Number of stitches found out of place, way back in the first repeat of the motif:  1

Number of rows it took me to notice the error: 83

Number of minutes I spent rationalizing NOT fixing it ("I could embroider over it!"  "No one else will ever see that!"  "What if I just make it worse?")  95

Numbers Game 4.jpg

Number of minutes required to actually FIX the problem: 23

Number of stitches NOT frogged and rekint:  24,900

Number of sleepless nights wasted:  0
 

Sunday in the Park With Sweater

Here is a delightful Sunday afternoon which I almost saw some parts of, when I was looking up.  This is my life while I make a book:  I am physically present, emotionally and intellectually engaged, and totally not looking up.  The sweater came to the show with me, listened to good music with me, enjoyed being with some people I love, and grew by an inch or so.

Some people I love

Some people I love

The Worst Hat In The World, however, deserved my full attention, if only for long enough to model it.  As you can see, opportunities of this magnitude don't present themselves every day.  There are things one wants to tell ones children about, after all.
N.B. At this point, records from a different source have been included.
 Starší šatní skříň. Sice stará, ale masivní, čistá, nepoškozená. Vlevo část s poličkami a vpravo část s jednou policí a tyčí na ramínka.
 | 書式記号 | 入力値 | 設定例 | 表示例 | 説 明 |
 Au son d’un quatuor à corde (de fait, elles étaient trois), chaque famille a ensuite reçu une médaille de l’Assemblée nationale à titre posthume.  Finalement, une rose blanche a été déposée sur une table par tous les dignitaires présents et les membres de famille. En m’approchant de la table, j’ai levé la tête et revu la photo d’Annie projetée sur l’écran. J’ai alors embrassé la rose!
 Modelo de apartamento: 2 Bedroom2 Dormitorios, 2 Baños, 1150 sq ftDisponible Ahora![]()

Something interesting I have noticed about my friends: Back when I used to pretend that I don't need to be knitting every waking second, my friends would act surprised to see me pull out my project du jour and knit on it.  I even used to think it would be rude to work on a sweater at an informal gathering.   I was afraid of sending the message that my esteemed associates didn't deserve my full attention.   Now that I am living with a Compressed Schedule (euphemism for deeply challenged time management skills), I take the knitting everywhere.  If I am to have any life at all while I author a book, I am learning I better shoehorn some life in around the knitting.  So the sweaters come with me to the pool party, to the barbecue, or like this, to the concert with my pals.  This is the interesting thing, though:  my friends have gotten used to it.  They even are interested  in what I'm working on (at least the projects are changing from one visit to another!), and totally roll with the fact that I am listening and talking, but not really making full eye contact at all times.  They love me anyway.  I get to keep working on my all-consuming passion, and still take part in good times with good people.   Blessed, Blessed, Blessed.

 

The Next Big Thing

Stick a fork in the spotted sweater:  It's done.  Won't say I'm sorry to see it bound off, either.  Enough's enough with that yarn and that design (2 just alike in a row is a substantially less-good idea than it seems).
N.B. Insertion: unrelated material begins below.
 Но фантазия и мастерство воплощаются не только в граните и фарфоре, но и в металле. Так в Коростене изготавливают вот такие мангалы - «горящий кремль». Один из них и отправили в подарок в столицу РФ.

And so another honeymoon begins:  This is from Harrisville, whose mill has been producing wool yarn since 1794.  How cool is that?  I love that I can take part in a little history by supporting them.  And the yarn is dreamy too - sticky, evenly spun 2-ply in the kind of super-saturated colors that call to mind your first box of pointy new crayons.  True Love.

A little birdy told me...(okay, it was 20 repeats of a little birdy)  Did I mention this thing is BIG?  It's been a while since I made anything Man-Sized, and I'm beginning to remember why:  More sweater = slower progress = DUH.  More's the woe for DH.  Fortunately, he doesn't complain.  He must not realize that he is underprivileged, owning only one (1) handknit made by his wife.  And that one isn't even my own design - it's someone else's pattern that I wish I had come up with.

Expanded View:  Expansive Sweater.

I am digging this motif, and the dream yarn?  Well some yarn just knows what it wants to be, and seems to get there with or without me, which is a welcome relief from what I now realize was kind of a battle to the finish line on that last project.  Guess I just had to push through the wall.  Now that I'm on the other side, I am really enjoying knitting.  I especially love this part of every project:  I have already figured out how many stitches there are in the body, and I don't have to do any more math until waaaaaay up at the shoulders.  I can just relax and work on it without thinking (for now) about how someone else will be able to reproduce it.  That part is fun, too, but I can wait.